**DATA BLOCK**.
§

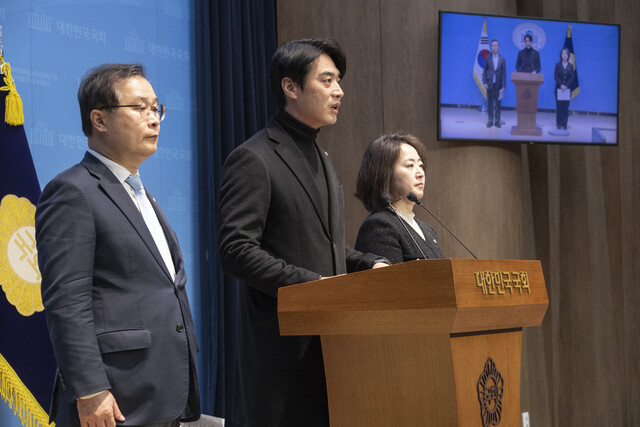 더불어민주당 정치검찰 조작 기소 대응 특별위원회 소속 의원들이 16일 국회에서 대장동 사건 정영학씨 조사에서 녹취록을 조작한 검찰을 규탄하는 기자회견을 하고 있다. 왼쪽부터 이건태, 한준호, 이주희 민주당 의원. 연합뉴스 |
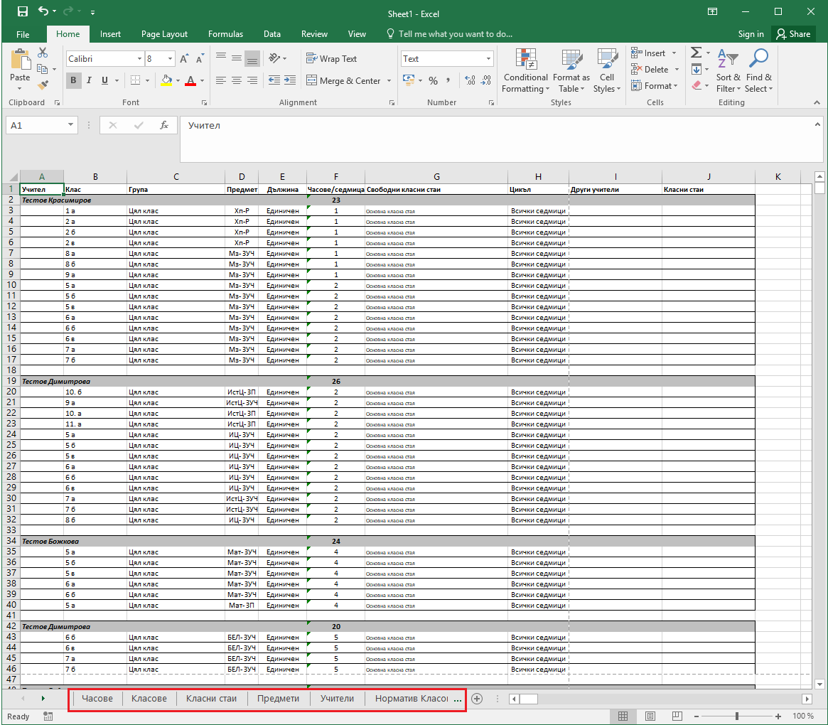 Мога ли да прехвърлям часове, учители, учебни предмети в MS Excel?
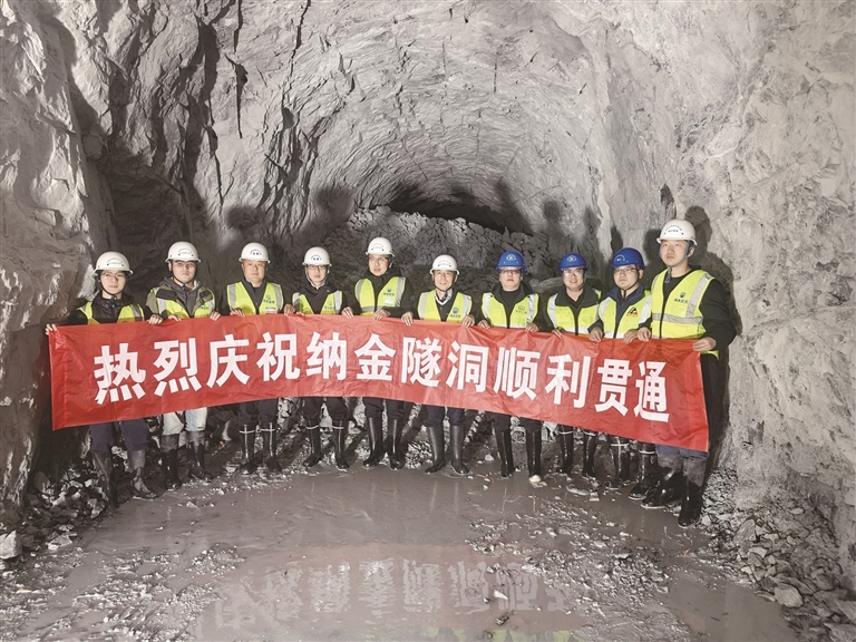 納金隧洞全長5036米,成型斷面為城門洞形,寬3.0米、高3.7米,采用鉆爆法從兩端相向開挖。隧洞穿越中高山地貌,最大埋深約640米,隧洞圍巖以Ⅲ類為主,Ⅳ、Ⅱ類次之。自開工以來,項目團(tuán)隊科學(xué)組織、精細(xì)管理,克服了高海拔隧洞產(chǎn)生的巖爆和集中涌水等惡劣地質(zhì)環(huán)境,嚴(yán)格采取相應(yīng)支護(hù)與封堵措施,連續(xù)5個月單側(cè)工作面月進(jìn)尺超過200米,最高月進(jìn)尺245米。后續(xù)納金隧洞工程將轉(zhuǎn)入隧洞混凝土襯砌施工,項目部將提前謀劃,精心組織,保證施工質(zhì)量與安全,做好轉(zhuǎn)序工作,確保納金隧洞首倉襯砌混凝土按計劃開倉澆筑。

§

**EXERCISE**. Make an exact copy of the whole listing, but don't bring over any pictures.

**REPLY**.
 더불어민주당 정치검찰 조작 기소 대응 특별위원회 소속 의원들이 16일 국회에서 대장동 사건 정영학씨 조사에서 녹취록을 조작한 검찰을 규탄하는 기자회견을 하고 있다. 왼쪽부터 이건태, 한준호, 이주희 민주당 의원. 연합뉴스 |
 Мога ли да прехвърлям часове, учители, учебни предмети в MS Excel?
 納金隧洞全長5036米,成型斷面為城門洞形,寬3.0米、高3.7米,采用鉆爆法從兩端相向開挖。隧洞穿越中高山地貌,最大埋深約640米,隧洞圍巖以Ⅲ類為主,Ⅳ、Ⅱ類次之。自開工以來,項目團(tuán)隊科學(xué)組織、精細(xì)管理,克服了高海拔隧洞產(chǎn)生的巖爆和集中涌水等惡劣地質(zhì)環(huán)境,嚴(yán)格采取相應(yīng)支護(hù)與封堵措施,連續(xù)5個月單側(cè)工作面月進(jìn)尺超過200米,最高月進(jìn)尺245米。后續(xù)納金隧洞工程將轉(zhuǎn)入隧洞混凝土襯砌施工,項目部將提前謀劃,精心組織,保證施工質(zhì)量與安全,做好轉(zhuǎn)序工作,確保納金隧洞首倉襯砌混凝土按計劃開倉澆筑。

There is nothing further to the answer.